My daughter and I recently joined a scout sailing regatta. Lacking a real single-hander I sailed the kid’s Laser Bug while my daughter sailed her Sabot. However, since the Bug is a training boat generaly sailed in the UK, it doesn’t have an Australian Sailing yardstick. With a quick Google, I found a UK Portsmouth yardstick for it Aldeburgh Yacht Club - 1520 for the standard rig and 1440 for the race rig.
Using Portsmouth (PY) yardsticks:
\[Corrected \ Time = Elapsed \ Time × \frac{1000}{PY \ Number}\]For Australian Sailing (AS) its:
\[Corrected \ Time = Elapsed \ Time × \frac{100}{AS \ yardstick}\]So I just converted the 1440 to 144. However, the next day, thinking back on it, I realised there was no reason that should hold.
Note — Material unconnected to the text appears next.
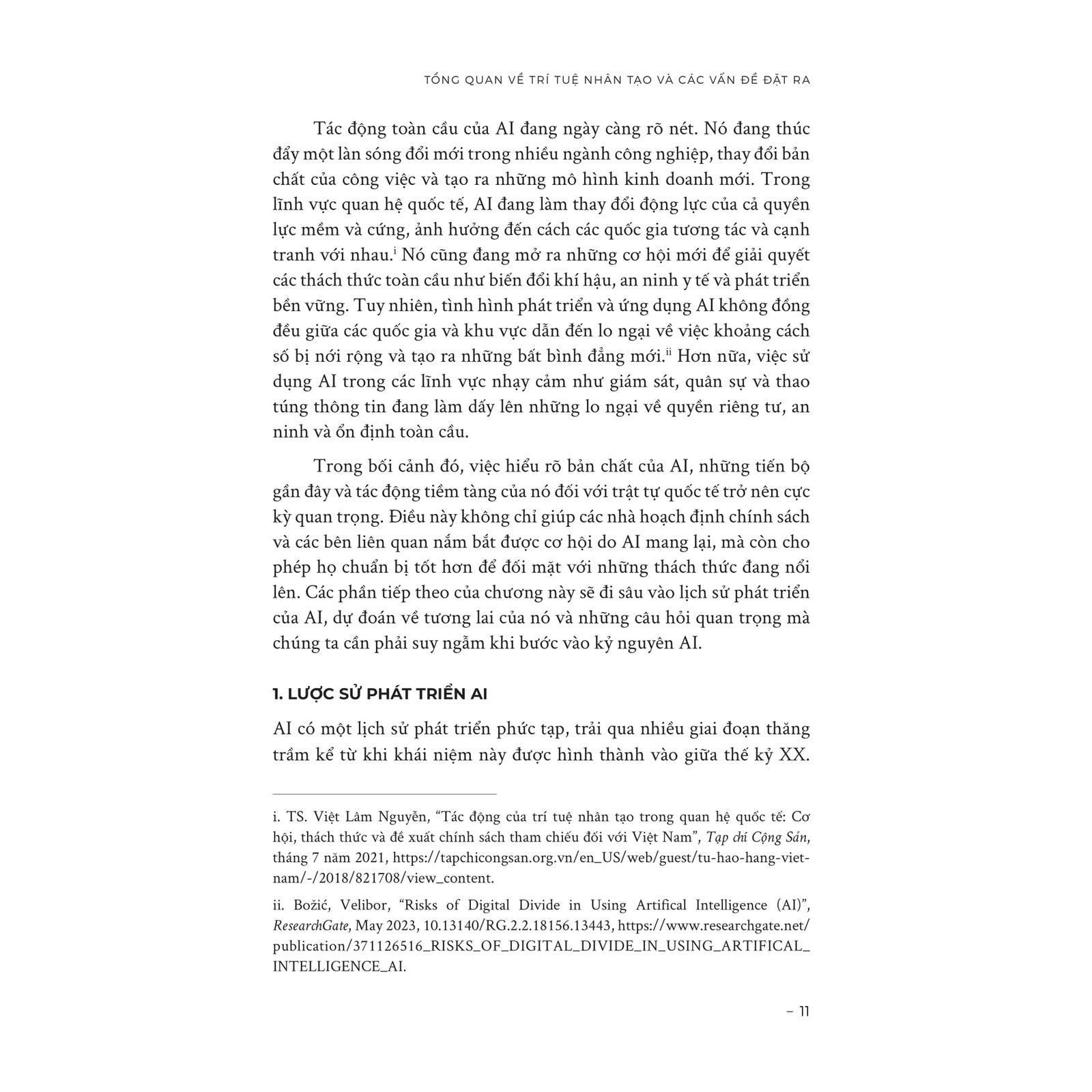 Đặc biệt, cuốn sách dành sự quan tâm đặc biệt đến vị thế và triển vọng của Việt Nam trong kỷ nguyên AI. Nhóm tác giả phân tích những cơ hội và thách thức mà Việt Nam phải đối mặt, đồng thời đưa ra những gợi ý chính sách cụ thể để đất nước có thể tận dụng tối đa tiềm năng của AI, đồng thời giảm thiểu những rủi ro tiềm ẩn.
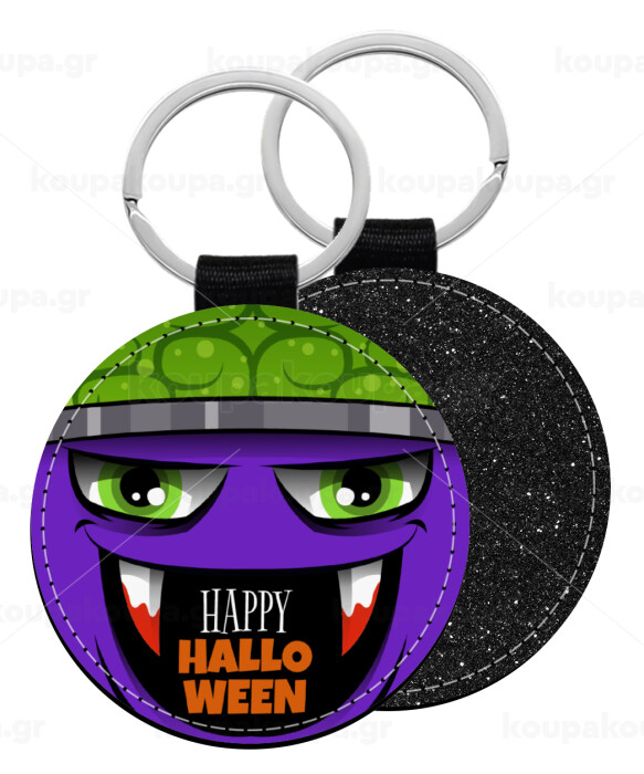 Halloween trick or treat Monster, Μπρελόκ Δερματίνη, στρογγυλό ΜΑΥΡΟ (5cm)

What I should have done was to find some boats that had both PY and AS yardsticks, map the relationship between them and interpolate. A quick match up of the lists gave me 37 boats with yardsticks in both systems - with a pretty good linear relationship between them (the two obvious outliers are the RS600 and Hansa Liberty).
The linear model gives a conversion formula of
\[AS = .1042×PY + 1.73\]This results in an approximate AS yardstick of 152 for the Laser Bug in race mode and 160 in standard mode. At least I didn’t give myself an unfair advantage!